Recandosi al seggio a votare, Pashinyan ha fatto capire di volere continuare sulla strada verso l’Unione europea, ma evitando strappi pericolosi con la Russia. A Vladimir Putin, secondo il quale Erevan dovrebbe chiedere attraverso un referendum il parere dei cittadini sull’eventuale ingresso nella Ue, il premier ha risposto che per ora il problema non si pone, perché l’Armenia non è ancora pronta per ottenere lo status di Paese candidato. Ma ciò non significa che Erevan rinuncerà al suo obiettivo: “Continueremo con calma sul cammino delle riforme“, ha dichiarato Pashinyan.

Le autorità di Erevan insistono comunque nel dire che il processo di avvicinamento in corso con l’Occidente non esclude la cooperazione con il blocco di Paesi a trazione russa riuniti nell’Unione economica euroasiatica (Russia, Bielorussia, Kazakhstan, Kirghizistan e Armenia, appunto). Il governo di Erevan cerca dunque di non aggravare le tensioni con Mosca, dopo un recente monito di Putin.

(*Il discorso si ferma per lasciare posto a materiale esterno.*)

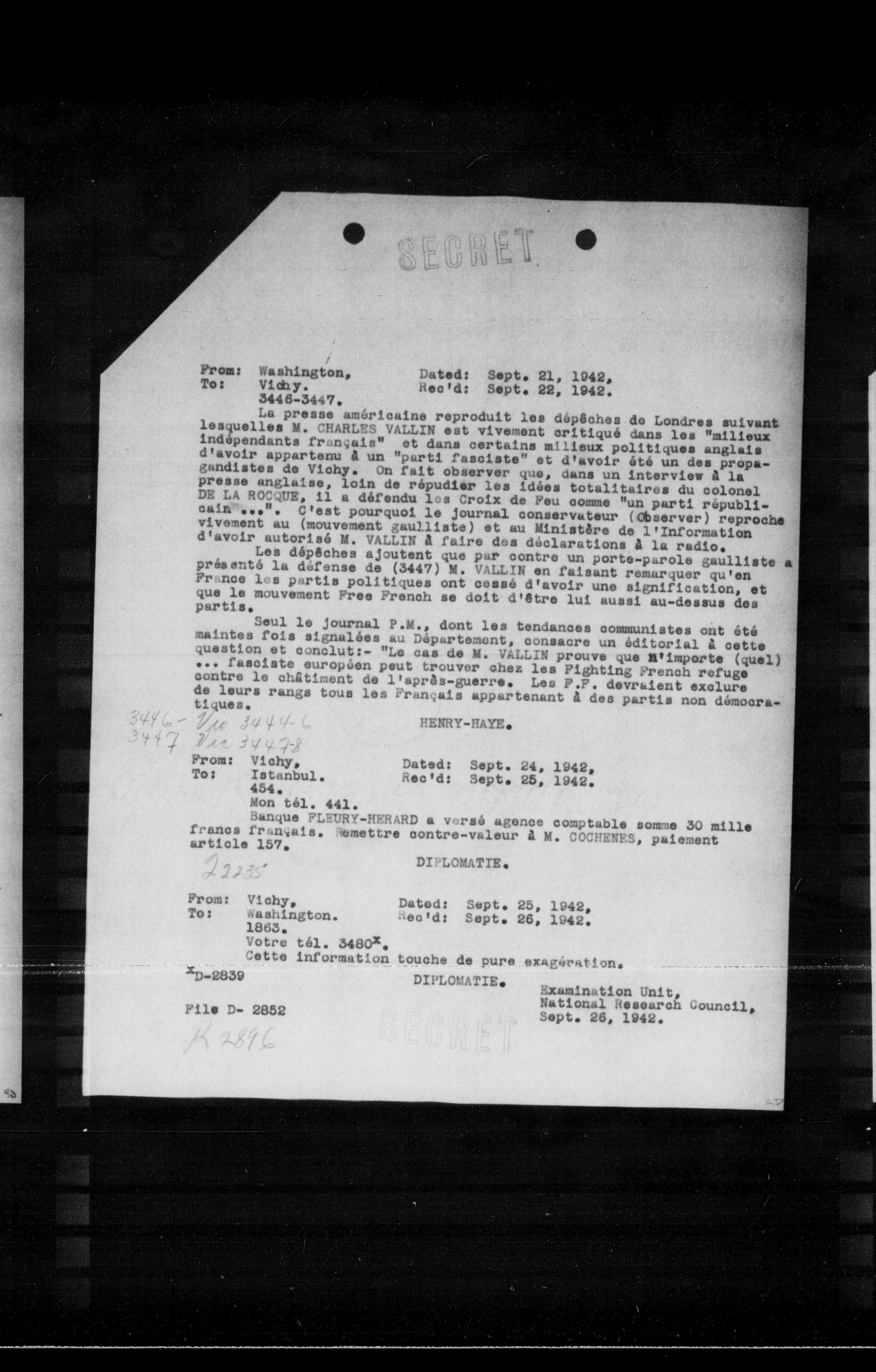 3-D-2839 DIPLOMATIE. Examination Unit, National Research Council, Sept. 26, 1942.

Riferendosi al conflitto russo-ucraino, il leader del Cremlino ha sottolineato che “tutto è cominciato” con “l’ingresso, o il tentativo di ingresso, dell’Ucraina nella Ue”.

Pashinyan ha cercato di rassicurare gli armeni. I rapporti con Mosca “sono basati sul rispetto reciproco” e le relazioni con Putin “sono molto strette”, ha assicurato il primo ministro, al quale il presidente russo ha telefonato questa settimana per fargli gli auguri di buon compleanno. Ma Mosca non rinuncia a fare pressioni su Erevan. In un’intervista alla televisione, il vice primo ministro russo Alexei Overchuk ha fatto sapere che il suo governo ha più volte detto all’Armenia, in colloqui “a porte chiuse”, dei pericoli che comporta entrare nella Ue, considerata da Mosca “non più un’organizzazione per l’integrazione economica”, ma una unione “militare-politica” che “annuncia apertamente la sua ostilità” verso la Russia. Gli armeni, dunque, dovrebbero “pensare a quello che stanno facendo”.

La consultazione, che ha visto un affluenza del 59%, dieci punti in più rispetto alle ultime elezioni del 2021, sembrano essersi svolte tutto sommato nella calma. Tranne una denuncia di Karapetyan, secondo il quale un centinaio di sostenitori di Armenia Forte sono stati arrestati tra sabato e domenica. Sabato media statali avevano anche riferito degli arresti di sei candidati del partito dell’opposizione filorussa, senza fornire dettagli sulle accuse.